AIM OF THE EXERCISE :: From the opening line of the records through the line bearing "The villa’s interior", set down every line exactly.
━━ DATA FOR THE TASK ━━
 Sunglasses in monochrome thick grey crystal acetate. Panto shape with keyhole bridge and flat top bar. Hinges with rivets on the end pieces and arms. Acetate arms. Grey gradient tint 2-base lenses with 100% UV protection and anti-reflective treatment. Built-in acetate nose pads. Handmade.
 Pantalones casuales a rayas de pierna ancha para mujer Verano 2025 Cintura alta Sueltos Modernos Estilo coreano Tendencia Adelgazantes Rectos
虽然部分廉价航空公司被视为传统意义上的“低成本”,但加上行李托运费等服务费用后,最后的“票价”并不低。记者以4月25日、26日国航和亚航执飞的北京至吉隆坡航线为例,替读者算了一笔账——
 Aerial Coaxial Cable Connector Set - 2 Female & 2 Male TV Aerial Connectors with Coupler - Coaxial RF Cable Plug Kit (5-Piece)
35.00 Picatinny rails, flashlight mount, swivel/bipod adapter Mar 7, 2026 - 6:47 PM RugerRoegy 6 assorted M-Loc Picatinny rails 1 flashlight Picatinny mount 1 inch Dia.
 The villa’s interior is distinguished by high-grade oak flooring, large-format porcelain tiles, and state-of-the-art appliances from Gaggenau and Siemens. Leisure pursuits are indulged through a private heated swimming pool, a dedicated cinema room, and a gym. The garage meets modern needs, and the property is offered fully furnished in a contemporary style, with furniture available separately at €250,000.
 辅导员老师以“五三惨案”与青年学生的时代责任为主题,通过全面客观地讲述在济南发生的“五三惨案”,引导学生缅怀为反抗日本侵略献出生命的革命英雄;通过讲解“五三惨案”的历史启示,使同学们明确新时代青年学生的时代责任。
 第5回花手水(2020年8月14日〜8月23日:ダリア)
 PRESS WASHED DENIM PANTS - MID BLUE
━━━
FINISHED EXERCISE ::
 Sunglasses in monochrome thick grey crystal acetate. Panto shape with keyhole bridge and flat top bar. Hinges with rivets on the end pieces and arms. Acetate arms. Grey gradient tint 2-base lenses with 100% UV protection and anti-reflective treatment. Built-in acetate nose pads. Handmade.
 Pantalones casuales a rayas de pierna ancha para mujer Verano 2025 Cintura alta Sueltos Modernos Estilo coreano Tendencia Adelgazantes Rectos
虽然部分廉价航空公司被视为传统意义上的“低成本”,但加上行李托运费等服务费用后,最后的“票价”并不低。记者以4月25日、26日国航和亚航执飞的北京至吉隆坡航线为例,替读者算了一笔账——
 Aerial Coaxial Cable Connector Set - 2 Female & 2 Male TV Aerial Connectors with Coupler - Coaxial RF Cable Plug Kit (5-Piece)
35.00 Picatinny rails, flashlight mount, swivel/bipod adapter Mar 7, 2026 - 6:47 PM RugerRoegy 6 assorted M-Loc Picatinny rails 1 flashlight Picatinny mount 1 inch Dia.
 The villa’s interior is distinguished by high-grade oak flooring, large-format porcelain tiles, and state-of-the-art appliances from Gaggenau and Siemens. Leisure pursuits are indulged through a private heated swimming pool, a dedicated cinema room, and a gym. The garage meets modern needs, and the property is offered fully furnished in a contemporary style, with furniture available separately at €250,000.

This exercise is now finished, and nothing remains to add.